Verzagtheit und Selbstzweifel - Peter Tschaikowsky war 1888 an einem persönlichen Tiefpunkt angekommen. „Schreiben für wen? Weiterschreiben? Lohnt kaum“, vertraute er sich seinem Tagebuch an. Und doch: Ein Umzug auf sein Landgut Frolowskoje in der Nähe der russischen Stadt Klin gab ihm wieder die Kraft zum Komponieren. Eine neue Sinfonie sollte es werden - immerhin war es schon elf Jahre her, dass er seine letzte komponiert hatte. So entstand innerhalb weniger Wochen seine fünfte Sinfonie.

Vielleicht waren diese tiefe Verzweiflung und Ängste der Grund dafür, dass eine eher dunkle, zum Teil fast schon mystische Sinfonie in Moll entstanden ist. Schon der erste Satz wird von der Klarinette mit dem Schicksalsmotiv eingeleitet, das der Komponist selbst als „vollständiges Sich-Beugen vor dem Schicksal oder was dasselbe ist, vor dem unergründlichen Walten der Vorsehung“ bezeichnete. Dieses leitet in ein eindringliches Hauptthema, das von den Streichern übernommen wird. Erst das Seitenthema in D-Dur hebt sich deutlich vom marschartigen Leitmotiv ab. Dennoch taucht dieses immer wieder in den einzelnen Orchesterstimmen auf und zieht sich wie ein roter Faden durch die folgenden Sätze, bis es im Finale schließlich die Überhand gewinnt.

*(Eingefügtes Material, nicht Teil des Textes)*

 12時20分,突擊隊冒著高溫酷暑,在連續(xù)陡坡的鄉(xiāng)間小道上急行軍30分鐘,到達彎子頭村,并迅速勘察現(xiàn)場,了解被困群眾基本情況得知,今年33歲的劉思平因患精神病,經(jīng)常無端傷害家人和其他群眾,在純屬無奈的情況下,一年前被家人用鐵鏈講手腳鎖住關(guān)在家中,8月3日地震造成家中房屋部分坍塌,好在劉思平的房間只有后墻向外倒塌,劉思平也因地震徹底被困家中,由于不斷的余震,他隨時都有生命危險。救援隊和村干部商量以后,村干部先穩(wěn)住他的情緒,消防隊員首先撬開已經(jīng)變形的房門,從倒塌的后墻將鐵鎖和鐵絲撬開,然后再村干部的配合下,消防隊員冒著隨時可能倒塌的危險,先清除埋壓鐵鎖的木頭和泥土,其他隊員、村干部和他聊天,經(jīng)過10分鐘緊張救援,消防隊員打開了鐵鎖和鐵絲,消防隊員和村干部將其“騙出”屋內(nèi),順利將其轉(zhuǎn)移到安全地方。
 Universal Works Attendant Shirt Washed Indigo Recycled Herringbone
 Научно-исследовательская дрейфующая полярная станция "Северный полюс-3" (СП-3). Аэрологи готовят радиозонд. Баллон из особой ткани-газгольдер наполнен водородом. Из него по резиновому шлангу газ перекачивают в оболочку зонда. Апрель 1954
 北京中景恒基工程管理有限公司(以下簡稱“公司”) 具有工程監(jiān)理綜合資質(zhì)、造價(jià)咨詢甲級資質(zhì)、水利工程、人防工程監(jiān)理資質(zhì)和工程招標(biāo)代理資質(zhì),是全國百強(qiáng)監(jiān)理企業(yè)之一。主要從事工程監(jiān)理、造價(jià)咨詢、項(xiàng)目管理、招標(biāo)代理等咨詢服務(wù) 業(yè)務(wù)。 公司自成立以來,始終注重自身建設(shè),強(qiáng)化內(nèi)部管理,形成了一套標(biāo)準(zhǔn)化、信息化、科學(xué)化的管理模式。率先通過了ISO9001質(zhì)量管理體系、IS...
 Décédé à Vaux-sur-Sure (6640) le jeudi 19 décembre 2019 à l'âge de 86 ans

Am 17. November 1888 leitete Tschaikowsky selbst die Uraufführung seiner Schicksals-Sinfonie in St. Petersburg. Allein der Erfolg hätte für sich und gegen alle Zweifel des Komponisten sprechen können. Der Kritiker Josef Sittard bezeichnete das Werk sogar als eine der „bedeutendsten musikalischen Erscheinungen unserer Zeit“. Bis heute gehört diese Sinfonie neben Tschaikowskys vierter und sechster Sinfonie zu einem seiner beliebtesten und meistgespielten Werke.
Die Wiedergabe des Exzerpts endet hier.